Use Transfer, with a SIP: URI, after the call is answered.
Note this is the first I’ve heard this of Twilio. Other providers use redirection headers to indicate that an outgoing leg is the result of an incoming leg, so should have had its CLI forwarded. However I have no personal experience of doing this.
I actually thought it was uncommon for providers to support REFER>
Cant use sip:URI schema, because the number I want to forward to is not behind sip.
from twilio docu:
Call Transfer to the PSTN
In order to transfer a call to the PSTN you must include your Trunking Termination Domain for example sip:+14152908007@{my-trunk}.pstn.twilio.com or alternatively use a Tel-URI for example tel:+14152909007 in the Refer-To header.
so, thats the reason, why I’m trying to use tel schema here, because the number I’m trying to forward to is not under sip…
just for understanding
I have a number on sip trunk, where the originating call is coming
asterisk receives that call and because nobody can answer that call should be transfered to another number.
you say, that that another number should be on a sip trunk in twilio. If so, twilio will send it to asterisk again and I’ll end in a infinite loop.
Twilio would only send it to Asterisk again, possibly, if you tell it to redirect the call to a number that is routed to Asterisk. If you SIP REFER to a number that is not yours, then Twilio would presumably just send the call within their infrastructure and you would have no further knowledge of it.
call is processed by asterisk again, but the DID is not the configured one, so asterisk answers with a message “the number you are calling is not in use”.
I desperatly trying to configure reliable call forward, but I dont know anymore where to look.
my custom extension configuration looks like this:
what I observe here, is, the asterisk replies with 302 Moved Temporary, instead of SIP REFER and uses Contact the number I want, BUT always with the IP from the asterisk server.
302 is because the call has not been answered. REFER can only be used for answered calls. Other people seem to be asking questions based on wanting to use 302 with Twilio.
I’m surprised that the domain name is being resolved. That looks wrong to me.
You haven’t said what 194.XXX.XX.143 represents and you have obfuscated both domain and IP sufficiently that I can’t work that out by doing DNS lookups.
I wonder if you have rewrite_contact and there is a bug causing it to rewrite every contact, not just those it should overwrite. If so note that none of the NAT hacks (rewrite_contact, force_rport, and symmetric_media) should be needed when using a competent provider. They should only be needed when accessing phones which can’t be properly configured for use behind NAT. Normal providers should only be outside NAT, not behind it.

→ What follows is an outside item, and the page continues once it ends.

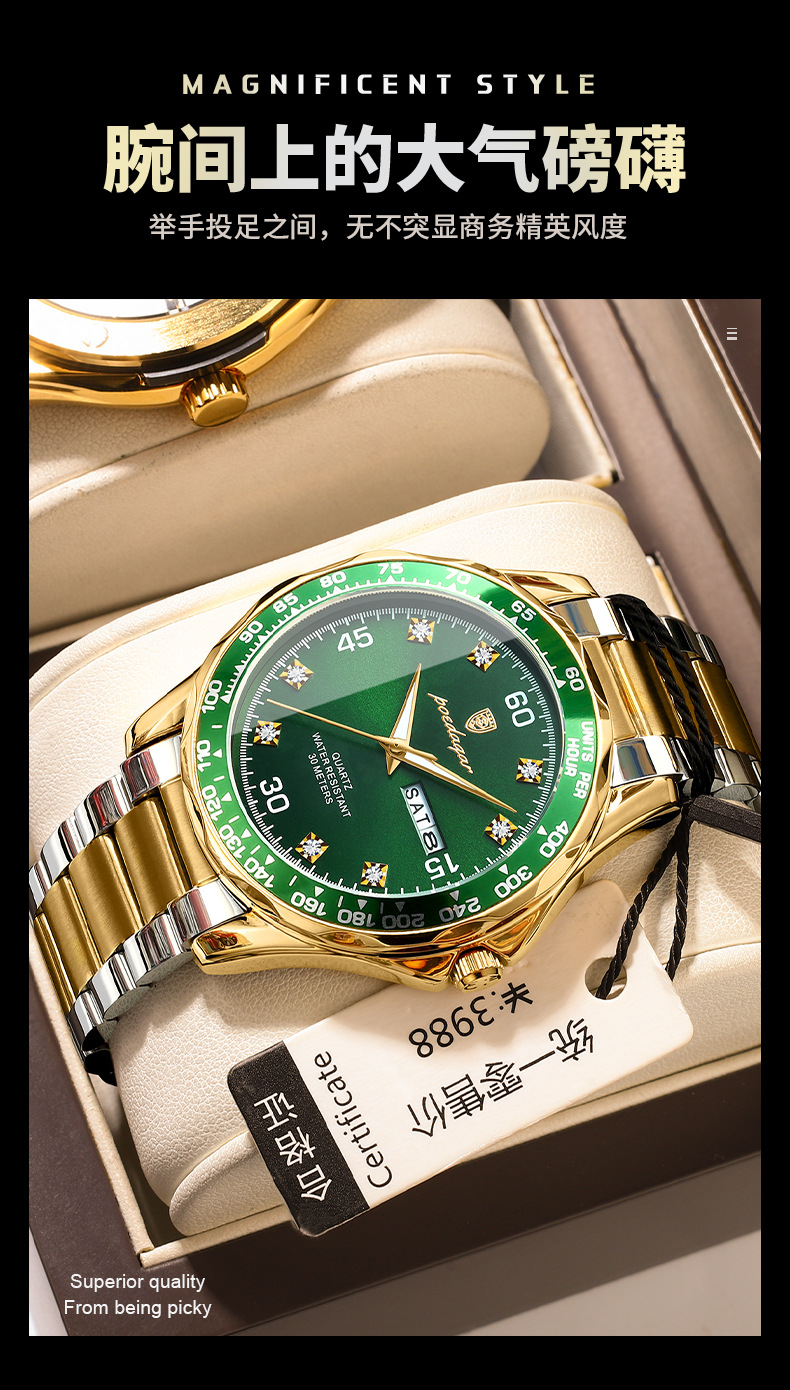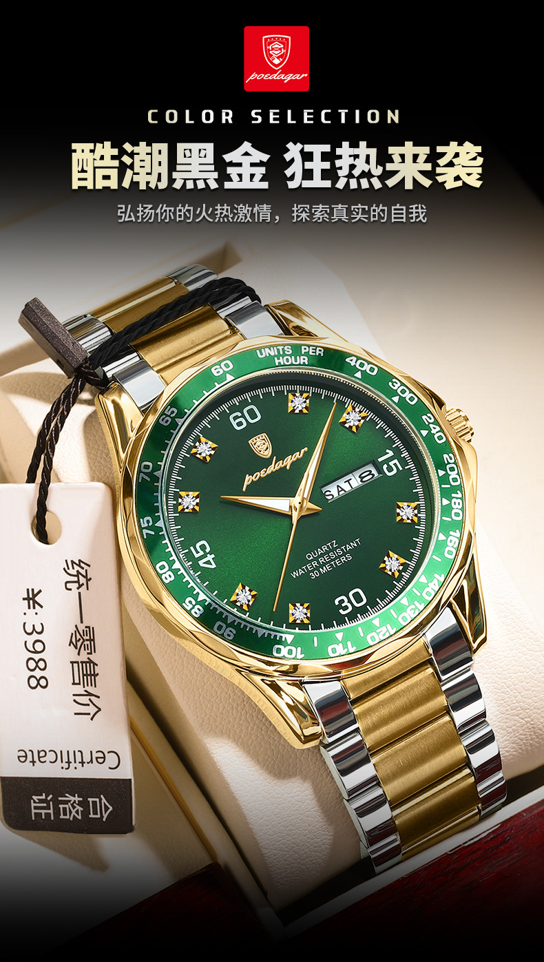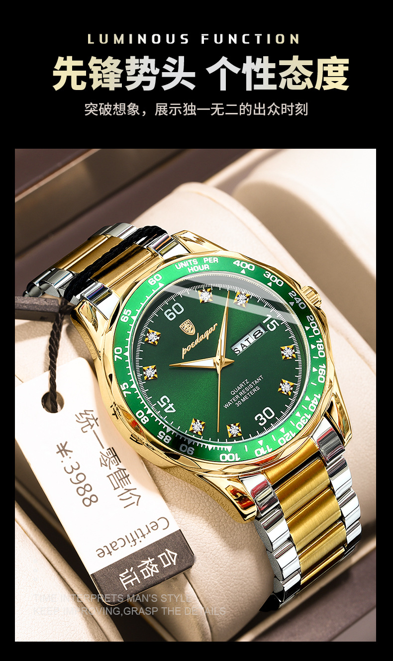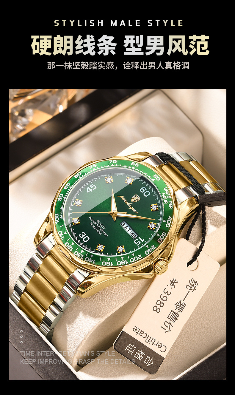 p963 silver case green surface steel belt

and similar question regarding contact field just a moment ago, with your reference to documentation for redirect method: Asterisk not redirecting calls properly
I think that Twilio will be happy with 302, if they accept redirects, at all. Strangely, you answer the call by calling Answer(), or as a side effect of some other applications, but note that answering will start the billing clock, for the caller, if the call is chargeable.
The other thread is about incoming redirects, not outgoing ones, unless I read it wrongly. My answer was about incoming ones. Incoming redirect => outgoing call.
I’ve run the wireshark on the other thread and it is definitely an incoming (302) redirection, so my answer, on that one, stands. Also note on that one that the unexpected IP address is not that of Asterisk.
You didn’t answer the implied question as to whether you had rewrite contact set. As noted, this should not be required for competent ITSPs.
It occurs to me that, if Asterisk is inappropriately applying rewrite_contact to the Contact header in 302 responses, that could explain, although not justify, the original crash, as it could mishandle the missing “@” in the tel: URI, and try to replace a domain that didn’t exist, in the first place.
If that is the case going through the proper crash reporting process (including backtraces from a non-optimised build) might show the crash to be in the rewrit_contact code, although sometimes such errors produce a delayed crash.
The rewrite_contact option is not applied in that scenario, and it has protection against non-SIP/SIPS based URIs. It would be the external_signaling_address option on transport that would be applied, and it also has protection. There is also an issue where external_signaling_address is applied to the Contact on requests/responses it shouldn’t be, specifically when using Transfer().
An issue can certainly be filed with a backtrace, but there’s no guarantee of if/when it would be looked at and resolved.